The backwards scrolling also drives me crazy; Apple calls this “natural” scrolling, while I call it “insanely stupid scrolling.” The change was made to match the way people scroll iOS devices. However, interaction on an iOS device is directly with the screen, and it makes logical sense that the content moves the direction your finger moves.
With a trackpad or mouse, though, you’re more directly affecting the scrollbars, not the content, and it seems completely backwards. I tried it Apple’s way for more than a day, but was much happier after I disabled natural scrolling.
Finally, and this may seem like a little thing, but Apple removed the scroll bar arrows from scroll bars. These arrows were very useful, especially with the option to have both directional arrows at one end of the bar: I could quickly scroll up or down with nothing more than a trackpad tap and a slight mouse movement.
Now I have to use a scroll motion with my fingers, or drag the scroll bar’s thumb to accomplish the same result, and both of those actions require much more finger movement than did the scroll arrows. Over the course of a day, these little motions add up, so much so that I’m now using my arrow keys for forward/back scrolling more often than I am my trackpad.
Color out, bland in
First, it was the Apple logo itself, going from multi-color to clearly more-elegant-but-oh-so-boring solid black. Now it seems the same is happening to OS X. While the removal of color can be seen in many apps and system widgets, to me it’s most obvious—and most impacting, and not in a good way—in the Finder.

In Snow Leopard, color in the Finder’s sidebar played a key role in making it easy to visually identify click targets: The Applications folder was the red and yellow A-shaped icon; my home folder was a white house, the Desktop was the purple galaxy, etc.
Now, in Mountain Lion, while the basic icon shapes are unchanged, the color is completely gone. The Applications folder, home folder, and Desktop are all now just gray blobs. And even though they have distinct shapes, it was the combination of shape and color that made each easily distinguishable.
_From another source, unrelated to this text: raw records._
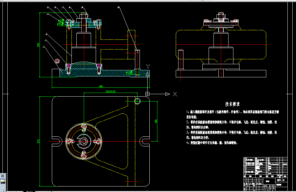 镗套座加工工艺规程及其钻4-M10孔的夹具设计是包括零件加工的工艺设计、工序设计以及专用夹具的设计三部分。在工艺设计中要首先对零件进行分析,了解零件的工艺再设计出毛坯的结构,并选择好零件的加工基准,设计出零件的工艺路线;接着对零件各个工步的工序进行尺寸计算,关键是决定出各个工序的工艺装备及切削用量;然后进行专用夹具的设计,选择设计出夹具的各个组成部件,如定位元件、夹紧元件、引导元件、夹具体与机床的连接部件以及其它部件;计算出夹具定位时产生的定位误差,分析夹具结构的合理性与不足之处,并在以后设计中注意改进。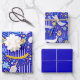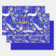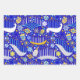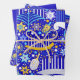 Farbenfrohe dreiköpfige, menorahs und Sterne auf einem blauen Hintergrund. Ein Blatt mit je einem Groß- und Kleindruck und ein massives Blau.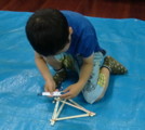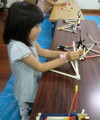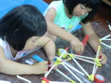 月曜クラスでは、わたしの見当違いもあって、すったもんだした発射台&発泡トレーロケット。(やはり材料のチェックは入念にしておかないと、エライ目に合います。人任せにしちゃいかんのだ・・・ぶつぶつぶつぶつ・・・)今日はすんなり出来上がって、た〜〜っぷり遊べました。4才から小6まで、一緒になってワイワイキャーキャーうるさいうるさい(いや、わたしも「いけ〜〜っ!!」だの「うおぉぉ〜〜!!」だの、結構騒いでました)。形や構えの角度、タイミングでいろんな飛び方をします。飛ばないこともあれば、空中分解ってこともあり。それでもめげないで試行錯誤するのが大事。素晴らしい飛びを見せたのが、意外にもハート形ロケット。「家でもいっぱいつくろ〜」って言いながら、みんな帰って行きました。発泡トレー、たいていのお家にありますもんね。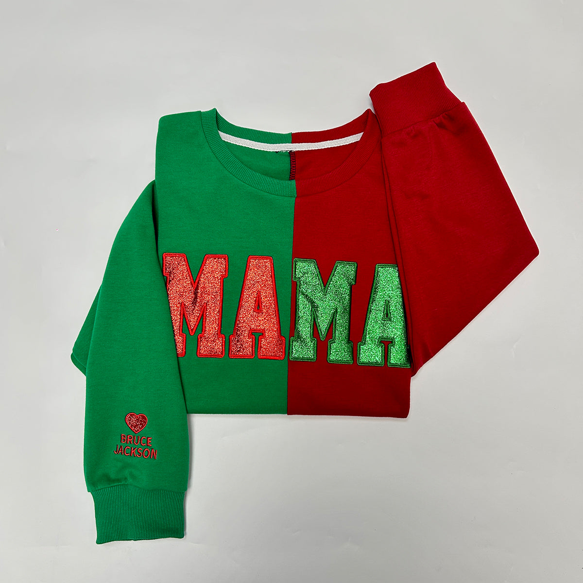 💖Custom Glitter Embroidered MAMA Name Two Tone Sweatshirt🌲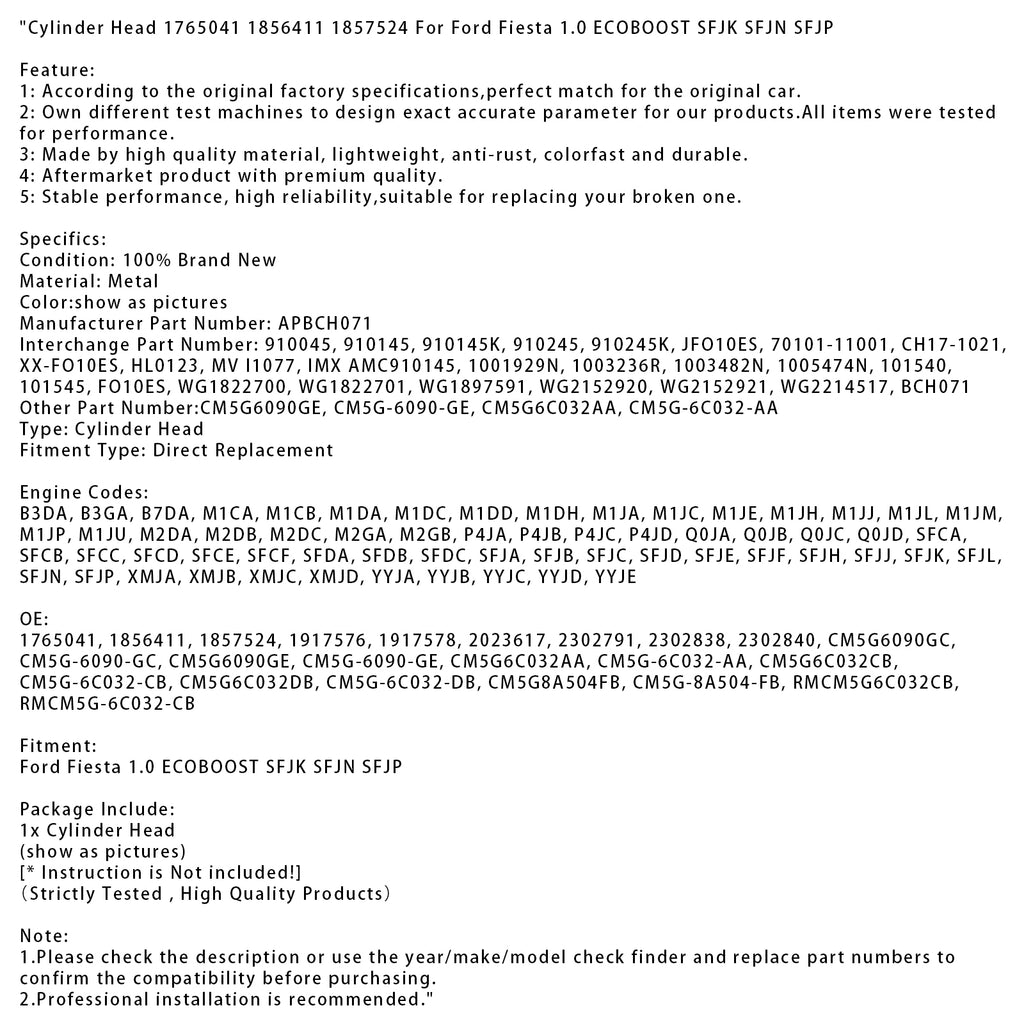 Cylinder Head 1765041 1856411 1857524 For Ford Fiesta 1.0 ECOBOOST SFJK SFJN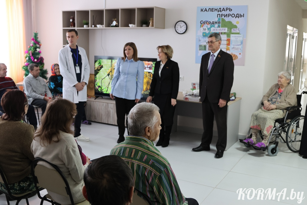 Приближается самый волшебный праздник года. И не только каждый ребёнок ждёт чуда, но и взрослые, особенно те, кто лишён семейного уюта и тепла. В рамках республиканской благотворительной акции «От всей души» постояльцев отделения круглосуточного пребывания для пожилых граждан и инвалидов, который распахнул свои двери 1 октября 2025 года в г. п. Корма, посетили депутат Палаты представителей Национального собрания Республики Беларусь и активисты Кормянской районной организации РОО «Патриоты Беларуси». Участие в мероприятии принимала председатель Кормянского районного Совета депутатов Татьяна Шехтер.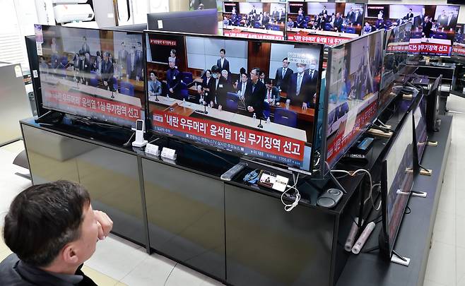 | ▲ 내란 우두머리 혐의를 받는 윤석열 전 대통령의 1심 선고일인 19일 서울 용산 전자랜드 가전 매장에 진열된 텔레비전에서 나오는 선고 공판 생중계를 시민이 지켜보고 있다. |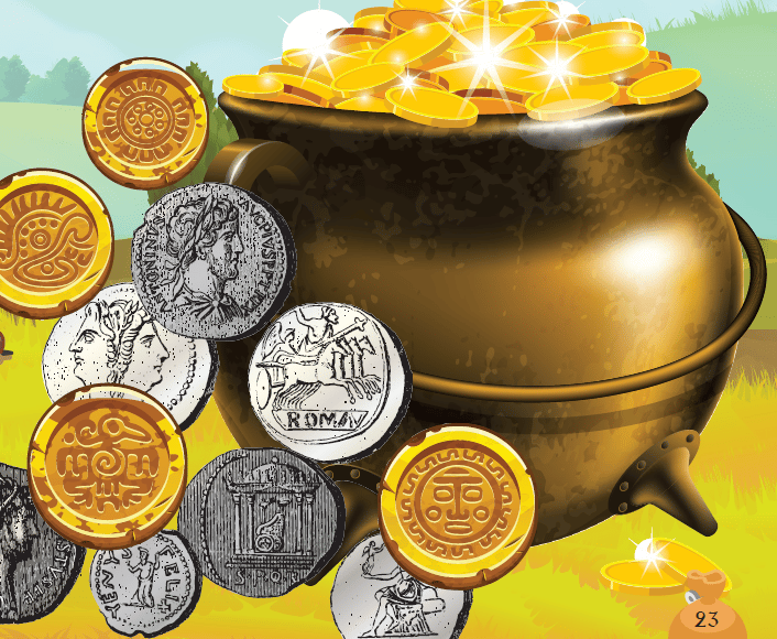 Si astfel, aventura banilor a inceput! Primii bani au fost creati din materiale precum scoici, pietre pretioase si chiar bucati de metal. Dar oamenii au observat ca aceste obiecte nu erau intotdeauna usor de transportat sau de schimbat, asa ca au inceput sa creeze monede.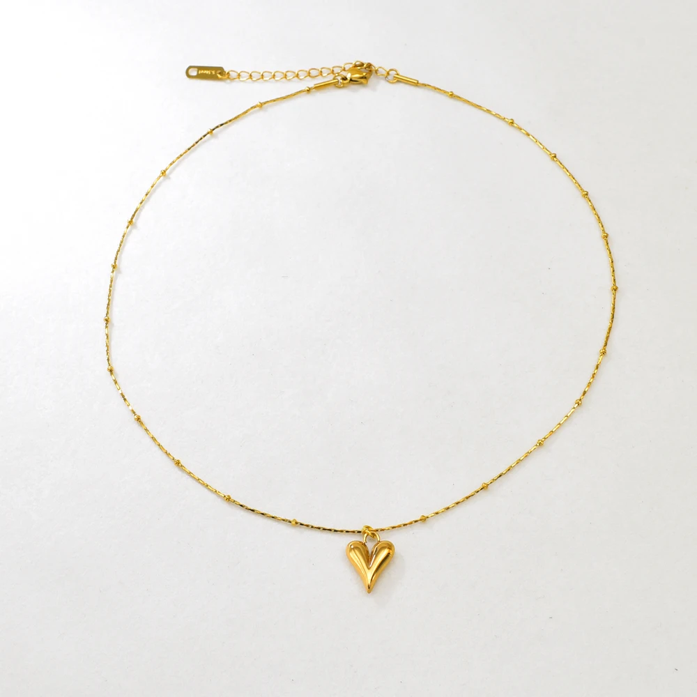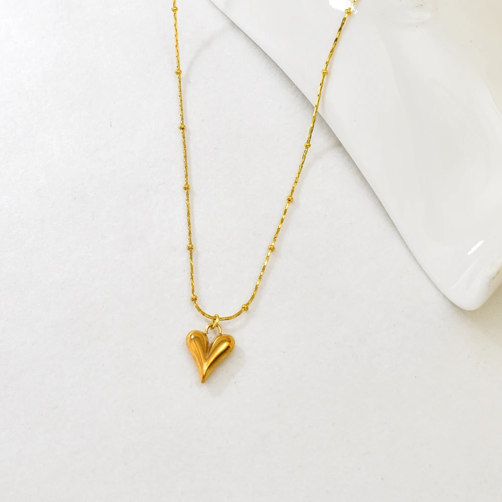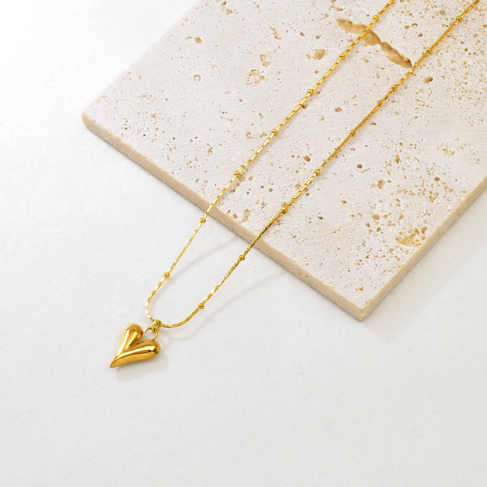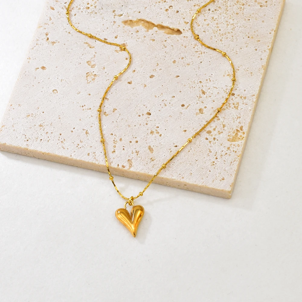 L255 Short heart-shaped three-dimensional beaded necklace, snake bone chain, collarbone chain, stainless steel jewelry
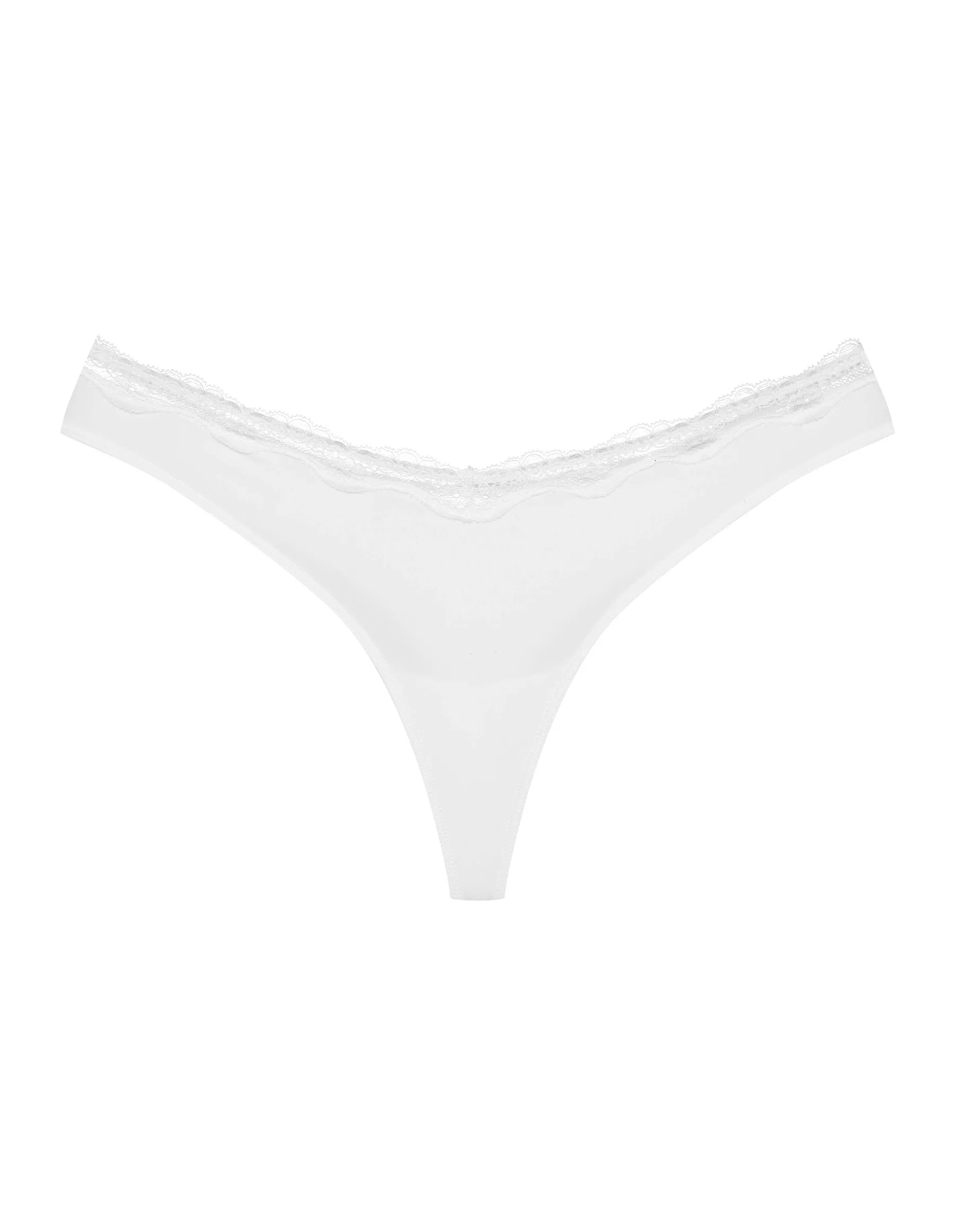 Chiloți tanga cu dantelă florală pe marginea taliei.

As a result, I have a much harder time finding my click target in Mountain Lion, and find myself reading the text next to the icon to make sure that I have the right one.
Where do we go from here?
As noted in the introduction, I generally like Mountain Lion a lot. The issues with the sidebar and color, however, make using it more work than it should be. At least most of the scroll bar issues can be reversed (but really, they shouldn’t have to be), but adding color back isn’t so simple. I have hope, though, now that Jonathan Ive is in charge of all user interface design—perhaps we’ll see positive changes in 10.9 and beyond. For the sake of my overly-scrolling fingers and color-deprived eyes, I hope that’s the case.